Adapting classic team sports like soccer involves making simple shifts, such as having students walk or wheel instead of run; reducing the size of the playing field and clearly delineating boundaries; and using a larger, softer or lighter-weight ball instead of a traditional soccer ball. Players can also be allowed to use their hands in order to hit the ball or pass it to a teammate. Players in wheelchairs can hold the ball on their laps while they wheel across the playing space. (Note that similar adaptations can apply to other classic team sports such as basketball, softball and more.)

Activity: Cultivate Mindfulness

PE teachers and coaches know that mindfulness plays an important role in physical education, and it can also have a positive effect on students’ academics as well as their moods and self-confidence. Best of all, students of all abilities can practice mindfulness, cultivate related skills and reap the benefits.

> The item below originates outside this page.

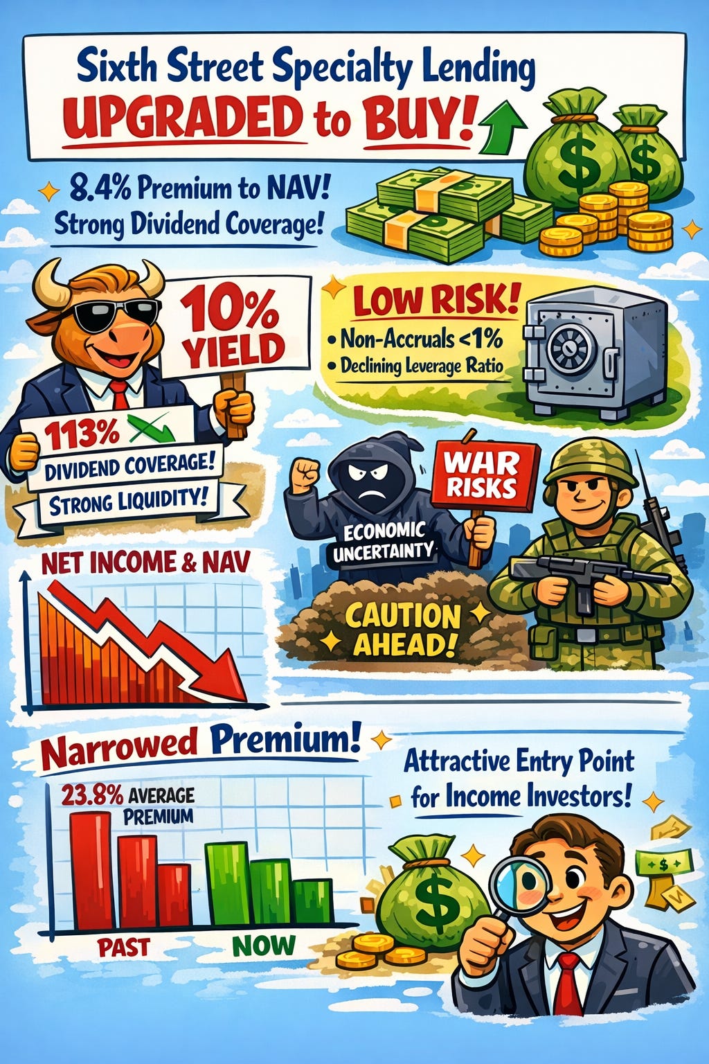 A ~10% yield, supported by strong coverage and a solid balance sheet, combined with a significantly reduced premium, creates a much more balanced risk/reward profile.
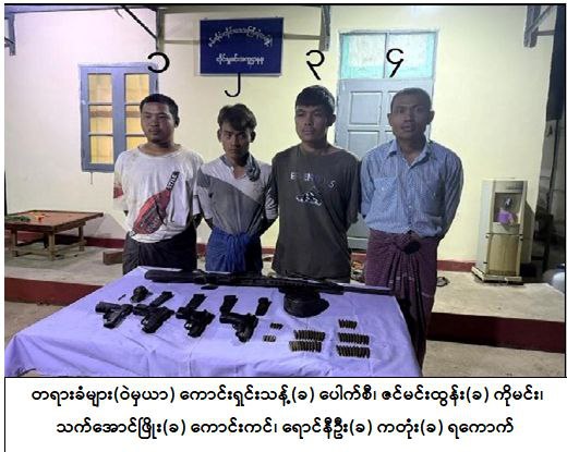 ဆက်လက်၍ လုံခြုံရေးတပ်ဖွဲ့ဝင်များက အဆိုပါနယ်မြေအား ပိတ်ဆို့ရှင်းလင်းခြင်းဆောင်ရွက်ခဲ့ရာ မေလ ၅ ရက် နံနက် ၂ နာရီ ၄၅ မိနစ်တွင် အဆိုပါရပ်ကွက်၊ သုဗောဓာရုံကျောင်းလမ်း လမ်းသွယ်အရောက်၌ မုံရွာမြို့၊ မြို့သစ်ရပ်ကွက်နေ ဇင်ကိုလင်း (ခ) သားချော (၃၃)နှစ်၊ (ဘ) ဦးအောင်ကျော်သန်းနှင့် စက်မှုဇုန်ရပ်ကွက်နေ ကျော်စိုးသူ (၃၃)နှစ်၊(ဘ) ဦးကျော်မျိုးညွှန့်တို့ ၂ ဦးအား MG-1 လက်ပစ်ဗုံး ၁ လုံး၊ ကျည်ကာအင်္ကျီ ၁ ထည်၊ ဆိုင်ကယ် ၁ စီးတို့နှင့်အတူ ထပ်မံဖမ်းဆီးရမိခဲ့ပြီး စစ်ကြောဖော်ထုတ်ချက်အရ သက်အောင်ဖြိုး (ခ) ကောင်းကင်၏ နေအိမ်အရှေ့ မြေကြီးအတွင်းမှ ဆာလာအိတ်ဖြင့်ပတ်၍ မြှုပ်နှံထားသည့် MA-2 သေနတ် ၁ လက်၊ ဘောက်ဝိုင်း ၁ ခု၊ ၎င်းကျည် ၄၆ တောင့်၊ လက်လုပ်သေနတ် ၂ လက် (ကျည်အိမ်တပ်လျက်)၊ ၎င်းကျည် ၄ တောင်၊ 91 လက်ပစ်ဗုံး ၁ လုံးတို့အား ဖော်ထုတ်သိမ်းဆည်းရရှိခဲ့သည်။

Start with one of the simplest mindfulness activities: counting your breaths as you breathe slowly in and out as a group. Another great and simple activity involves taking slow, deliberate breaths as you talk your students through relaxing each major muscle group, starting with the head and neck and working downward.

Game: Bowling

Adapted bowling is fun and easy for students of all abilities, and it’s simple to set up. Stretch exercise bands between the legs of a chair or desk so that students can use their hands or feet, or enlist a partner, to slingshot a ball across the floor toward bowling pins. Balls can be foam, yarn or any other type that is appropriate for your students; pins can be plastic cones, blocks, smaller balls, or anything else that works. For students with visual impairment, use tape on the floor to mark off the optimal path for the ball.

General Adaptive Strategies

▶ Use targets or goals that make noise when hit by the ball, or radios under the basket in a game of basketball.
▶ Vary the size, weight and texture of balls so students with visual impairment can more easily tell them apart.
▶ Designate a quiet area where students can take a break from the noise and hubbub, and another area where students can take movement breaks with mini-trampolines or squeeze balls.
▶ Use simple visual reminders and cues, such as photographs of students performing each pose of an exercise routine, to help students remember steps, rules or movements.
▶ Use smaller playing areas with well-defined boundaries, including tactile boundaries.
▶ Use Velcro on balls as well as in gloves, in mitts and on paddles, so every student can have success.
▶ Have students pair up so partners can assist each other.
▶ Lower baskets and nets, enlarge goals and targets, and loosen or eliminate time limits.
▶ Give students choices to help them feel empowered in their physical education.
▶ Keep it consistent: Students with many types of disabilities benefit from knowing what to expect, including what the rules and expectations are, what types of activities they will be doing, what types of noises they will hear and make, and when all of these will occur.